---------- Material to process

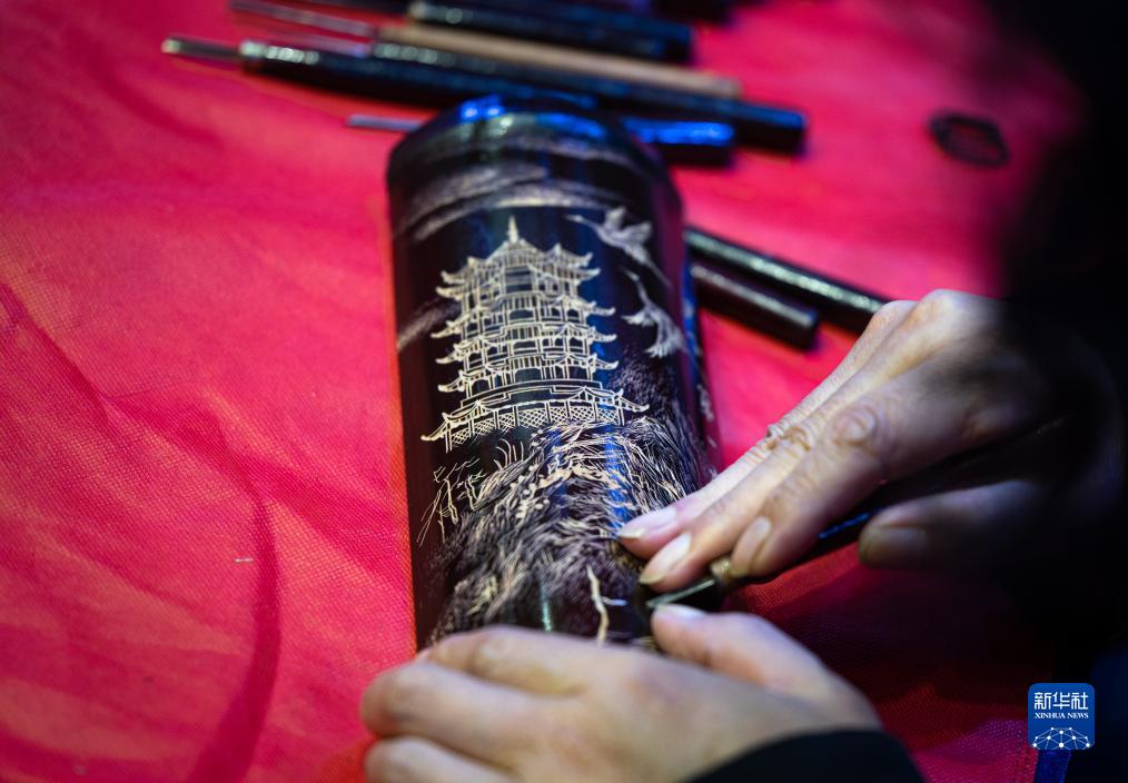 9月21日,選手徐海清在現場(chǎng)展示雕刻塑造(竹雕)技藝。
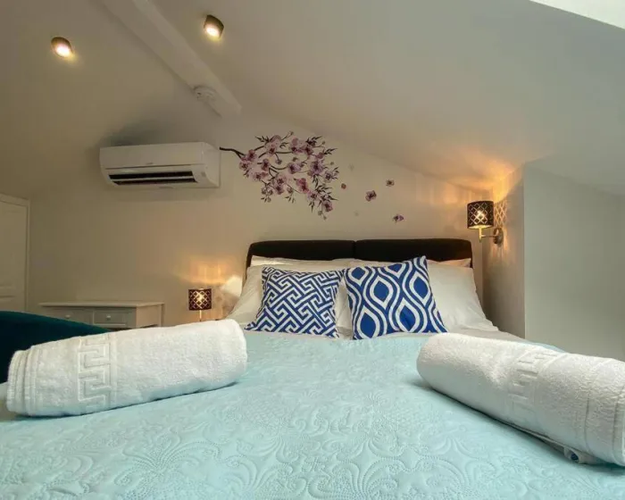Vila ima 1 spavaću sobu, 1 kupatilo, posteljinu, peškire, flat-screen TV sa servisima za strimovanje, trpezariju, potpuno opremljenu kuhinju i terasu sa pogledom na grad. Privatan ulaz vodi goste u vilu, gde mogu uživati u vinu ili šampanjcu i čokoladi ili kolačima. Vila je za nepušače i zvučno izolovana.
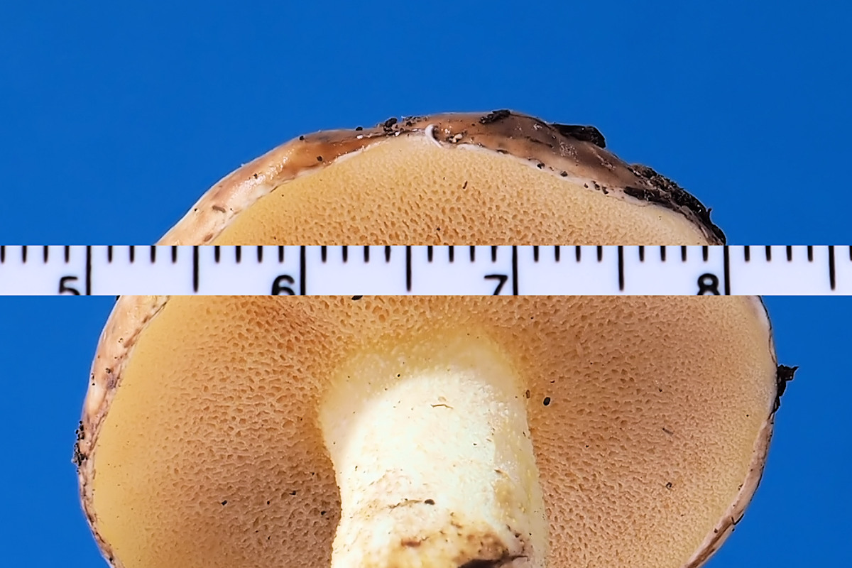 3.0-10.0cm 半球形→平たい饅頭形→平 湿時強粘性 強粘性時クリ褐色−黄土褐色→粘性失われ黄色 表紙剥ぎやすい
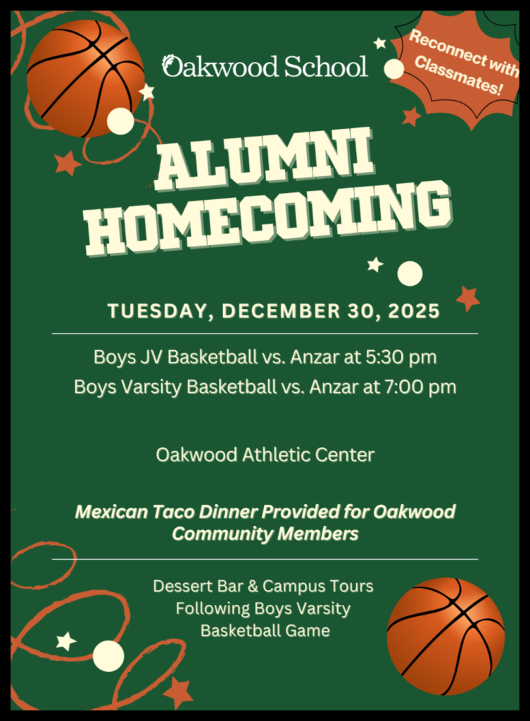 On Saturday, January 4, 2025, Oakwood School proudly hosted its 3rd Annual Alumni Homecoming event, and what a night it was! The event brought together 42 graduates from the classes of 2009 to 2024, creating a lively and heartwarming celebration of the Oakwood spirit.
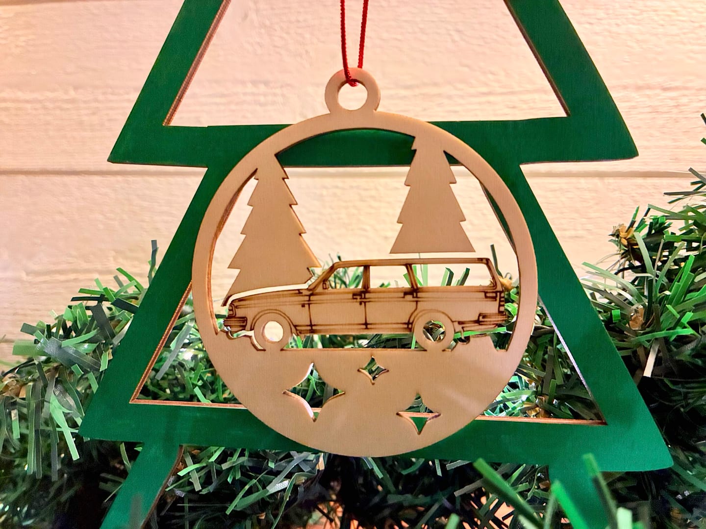 Tillverkad i 3mm trä, 80mm i diameter, levereras med  upphängnings-snöre.
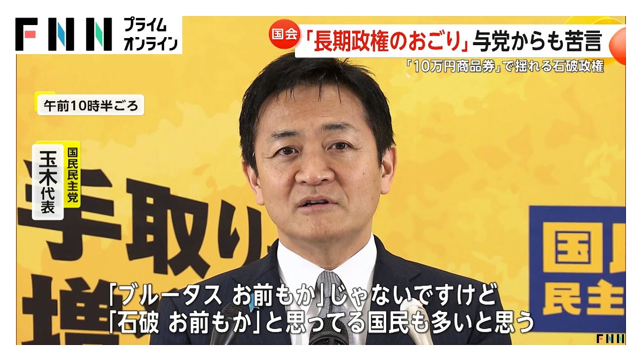 「10万円商品券」で揺れる石破政権「長期政権のおごり」与党からも苦言 国民・玉木代表「政倫審で弁明・説明を」
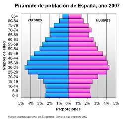 - ^ España en medio siglo será un país de viejos y solitarios, EFE, 20/10/2016. INE press release, 20/10/2016: "Population Projections 2016–2066 – If current demographic trends were to continue, Spain would lose just over half a million inhabitants in the next 15 years and 5.4 million by 2066 – The percentage of the population aged 65 and over, which currently stands at 18.7%, would reach 25.6% in 2031 and 34.6% in 2066 – Comunidad de Madrid, Canarias, Illes Balears, Región de Murcia and Cataluña are the only communities that would gain population in the next 15 years". INE press release, 30 June 2016: "Cifras de Población 1-1-2016, Estadística Migraciones 2015 (provisionales) – Cifras de Población a 1 de enero de 2016 – Estadística de Migraciones 2015 – Adquisiciones de Nacionalidad Española de Residentes 2015 – Datos Provisionales."
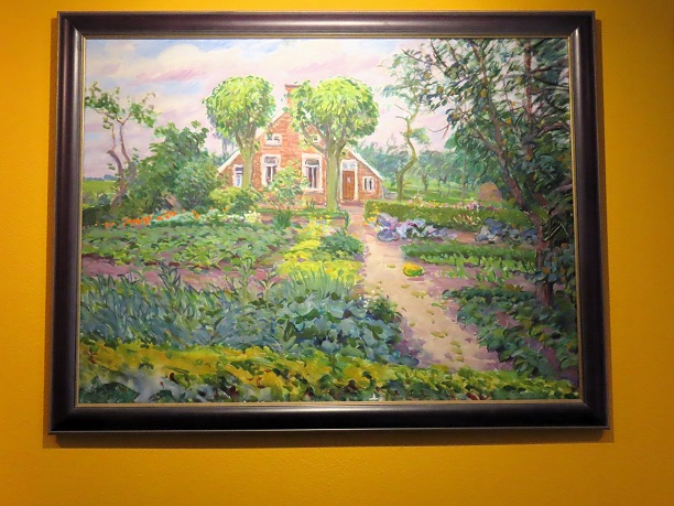 Of die veenarbeiders net als hun collega’s op de klei, ook aan éénschaftsarbeid deden, weet ik niet, maar misschien hadden ze bij hun woning ook wel zo’n grote moestuin, waarop ze dan vooral ’s middags werkten. Van Johan Dijkstra is dit kleurige doek van het huis bij de Rhederbrug (oostkant Bellingwolde), bewoond door de landarbeider of dagloner Geert Sandjer:
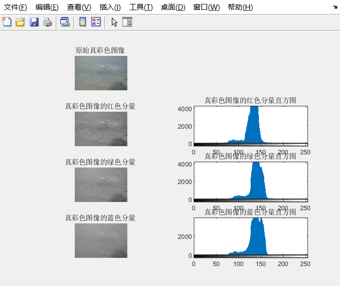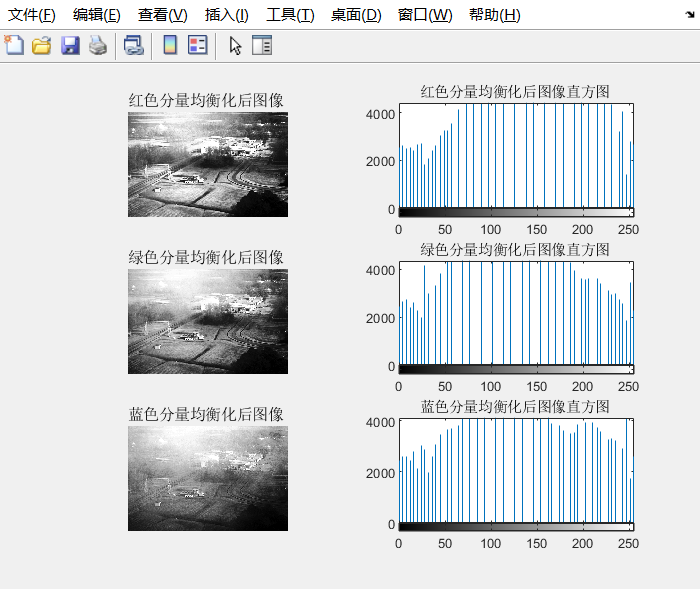 r=histeq(R); %对个分量直方图均衡化,得到个分量均衡化图像

--------------------

▶ _Task to complete_
Every line from the top of the records above to the line with "- ^ España en", inclusive, should be duplicated exactly, minus the pictures.

▶ _Reply to the exercise_
 9月21日,選手徐海清在現場(chǎng)展示雕刻塑造(竹雕)技藝。
Vila ima 1 spavaću sobu, 1 kupatilo, posteljinu, peškire, flat-screen TV sa servisima za strimovanje, trpezariju, potpuno opremljenu kuhinju i terasu sa pogledom na grad. Privatan ulaz vodi goste u vilu, gde mogu uživati u vinu ili šampanjcu i čokoladi ili kolačima. Vila je za nepušače i zvučno izolovana.
 3.0-10.0cm 半球形→平たい饅頭形→平 湿時強粘性 強粘性時クリ褐色−黄土褐色→粘性失われ黄色 表紙剥ぎやすい
 On Saturday, January 4, 2025, Oakwood School proudly hosted its 3rd Annual Alumni Homecoming event, and what a night it was! The event brought together 42 graduates from the classes of 2009 to 2024, creating a lively and heartwarming celebration of the Oakwood spirit.
 Tillverkad i 3mm trä, 80mm i diameter, levereras med  upphängnings-snöre.
 「10万円商品券」で揺れる石破政権「長期政権のおごり」与党からも苦言 国民・玉木代表「政倫審で弁明・説明を」
 - ^ España en medio siglo será un país de viejos y solitarios, EFE, 20/10/2016. INE press release, 20/10/2016: "Population Projections 2016–2066 – If current demographic trends were to continue, Spain would lose just over half a million inhabitants in the next 15 years and 5.4 million by 2066 – The percentage of the population aged 65 and over, which currently stands at 18.7%, would reach 25.6% in 2031 and 34.6% in 2066 – Comunidad de Madrid, Canarias, Illes Balears, Región de Murcia and Cataluña are the only communities that would gain population in the next 15 years". INE press release, 30 June 2016: "Cifras de Población 1-1-2016, Estadística Migraciones 2015 (provisionales) – Cifras de Población a 1 de enero de 2016 – Estadística de Migraciones 2015 – Adquisiciones de Nacionalidad Española de Residentes 2015 – Datos Provisionales."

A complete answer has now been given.